Experimental multi-instrumentalist, composer/improvisor, author and visual artist, Hal Rammel has been designing and building musical instruments since 1977. He has performed with Russell Thorne, Davey Williams, LaDonna Smith, Jack Wright, Johannes Bergmark, Steve Nelson-Raney, Susan Rawcliffe, Terri Kapsalis and John Corbett. As an author and graphic artist, his work has appeared in the pages of Experimental Musical Instruments, the improvisor, Cultural Correspondence and Arsenal. He resides in southeastern Wisconsin where he teaches musical instrument invention at the School of the Art Institute of Chicago and at Milwaukee's A.E. Burdick Elementary School. He is the radio host of Alternating Currents in 20th Century Music on WMSE-FM in Milwaukee.

All Releases by Hal Rammel


Dana Reason

Dana Reason is a pianist/composer/improvisor from Montreal, Canada. Ms. Reason has appeared at the San Francisco Jazz Festival, Frau Musica (Nova) Cologne, Beyond the Pink Festival, (LA), Guelph Jazz Festival, Banff Arts Festival, Knitting Factory (NYC), Music Gallery (Toronto), and Newfoundland Sound Symposium. She has performed with Pauline Oliveros, George Lewis, Cecil Taylor, Joe McPhee, Lisle Ellis, and Richard Teitlebaum among others. She has been featured on National Public Radio, and Radio Canada. Ms. Reason has recorded for Music & Arts, Red Toucan, Deep Listening, Sparkling Beatnik and Ryokan labels. Ms. Reason contributes writing to the Twentieth Century Music Journal, Musicworks, and Improvisor magazines. Her music has been reviewed in Cadence, Coda, Musicworks, 20th Century Music Journal, Wire, Jazz Critique (Japan) and Outside Magazines. Ms. Reason was the co-organizer of the ground-breaking symposium Improvising Across Borders (1999) held at the University of California, San Diego. Reason holds a Bachelor of Music from McGill University, a Master of Arts in Composition from Mills College and is a Ph.D candidate in the music program Critical Studies/Experimental Practices at the University of California, San Diego.

All Releases by Dana Reason


Dick Robinson

Dick Robinson received Master's degrees in composition and violin at the American Conservatory in Chicago. Further studies in electronic/computer music were with Robert Moog, Hugh LeCaine, Charles Dodge, Kurt Hebel, and Carla Scaletti. He founded the Atlanta Electronic Music Center in 1965. In 1970 the piece Ambience was co-winner of the first prize in the Dartmouth International Electronic Music Competition and is recorded on Vox. Robinson played violin with the Atlanta Symphony for 36 years, retiring in 1987 to devote his full time to composition. His electronic and computer music has been performed in colleges and universities throughout the United States, as well as at the '91, '96, and '99 SEAMUS conferences, and in Europe at the Groupe de Recherches Musicales in Paris, the Institute for Sonology in Utrecht, the Festival de Musique d'Aujourd'hui (Extasis 89), in Geneva, Switzerland, and the Futura 1994 series in Crest, France. An early piece, MLK (1968) is recorded on the album Mighty Risen Plea (Sacred Frame Records).

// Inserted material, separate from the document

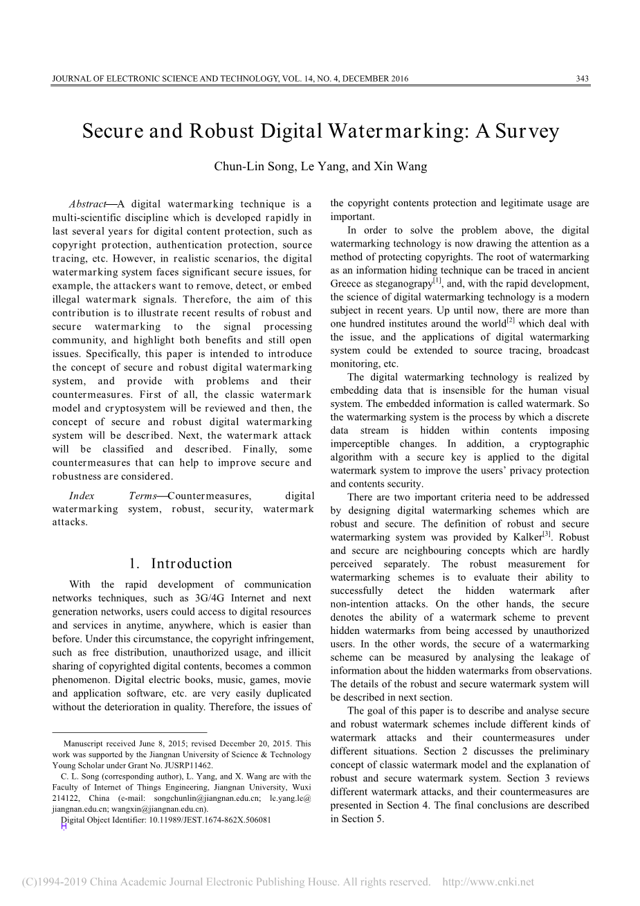 摘要:数字水印技术是近年来迅速发展起来的一门多学科的数字内容保护技术,如版权保护、认证保护、源跟踪等。然而,在现实场景中,数字水印系统面临着重要的安全问题,例如,攻击者想要删除、检测或嵌入非法水印信号。因此,这篇文献的目的是向信号处理界说明鲁棒性和安全性水印的最新研究结果,并突出优点和仍然存在的问题。具体地,本文介绍了安全可靠的数字水印系统的概念,并提出了存在的问题和对策。首先回顾了经典水印模型和密码体制,然后阐述了安全可靠的数字水印系统的概念。接下来,将对水印攻击进行分类和描述。最后,提出了一些提高安全性和鲁棒性的对策。
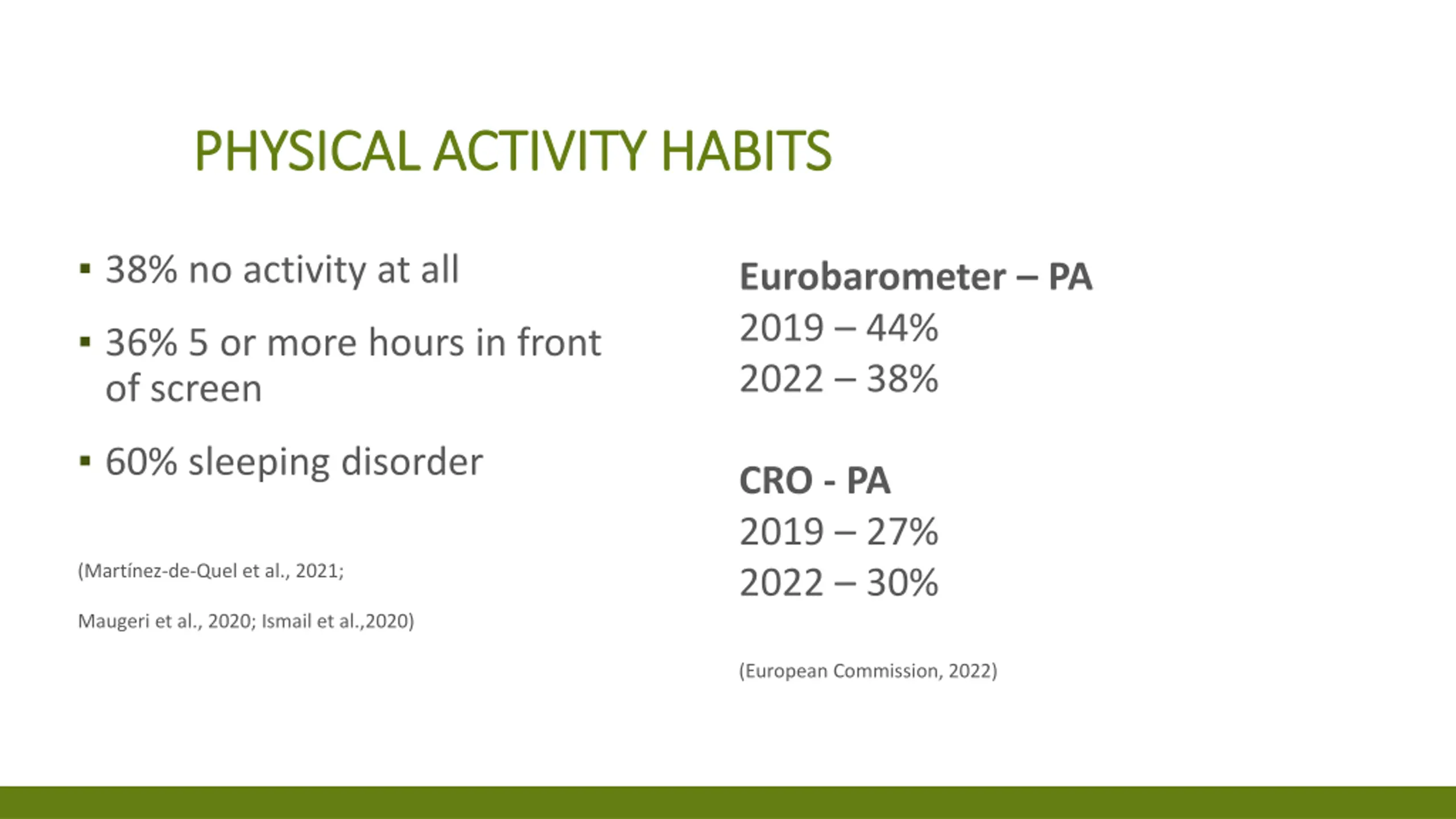 PHYSICAL PHYSICAL ACTIVITY ACTIVITY HABITS HABITS 38% no activity at all Eurobarometer PA 2019 44% 2022 38% 36% 5 or more hours in front of screen 60% sleeping disorder CRO - PA 2019 27% 2022 30% (Mart nez-de-Quel et al., 2021; Maugeri et al., 2020; Ismail et al.,2020) (European Commission, 2022)

All Releases by Dick Robinson


Neil Rolnick

An active composer and performer of computer music since the late 1970s, Rolnick performs on a portable computer music system and concertizes regularly in a wide variety of contexts throughout North America and Europe. He has appeared as featured soloist with ensembles such as The California E.A.R. Unit, Relache, Gerard Schwarz's Music Today Ensemble, Musical Elements, and the Albany Symphony Orchestra. Born in 1947 in Dallas, Texas, he earned a BA in English literature from Harvard College in 1969. He studied musical composition with Darius Milhaud at the Aspen Music School, with John Adams and Andrew Imbrie at the San Francisco Conservatory, and with Richard Felciano and Olly Wilson at the University of California at Berkeley, where he earned a Ph.D. in musical composition in 1980. He studied computer music at Stanford University with John Chowning and James A. Moorer, and worked as a researcher at IRCAM in Paris, France, from 1977 to 1979. He currently teaches and directs the EAR Studios at Rensselaer Polytechnic Institute.

All Releases by Neil Rolnick


Elizabeth Russell

Elizabeth T Russell holds an undergraduate degree in music. On a bassoon scholarship, she earned her law degree from the Pace University School of Law. Ms. Russell is the author of Art Law Conversations: A Surprisingly Readable Guide for Visual Artists. Her practice serves literary, visual and performing artists and related businesses in the arts and entertainment industry. Ms. Russell is a member of the Entertainment, Arts and Sports Law section of the New York State Bar Association, the Sports and Entertainment Law Section of the State Bar of Wisconsin and the Copyright Society of the United States. She is admitted to practice in New York, Connecticut and Wisconsin.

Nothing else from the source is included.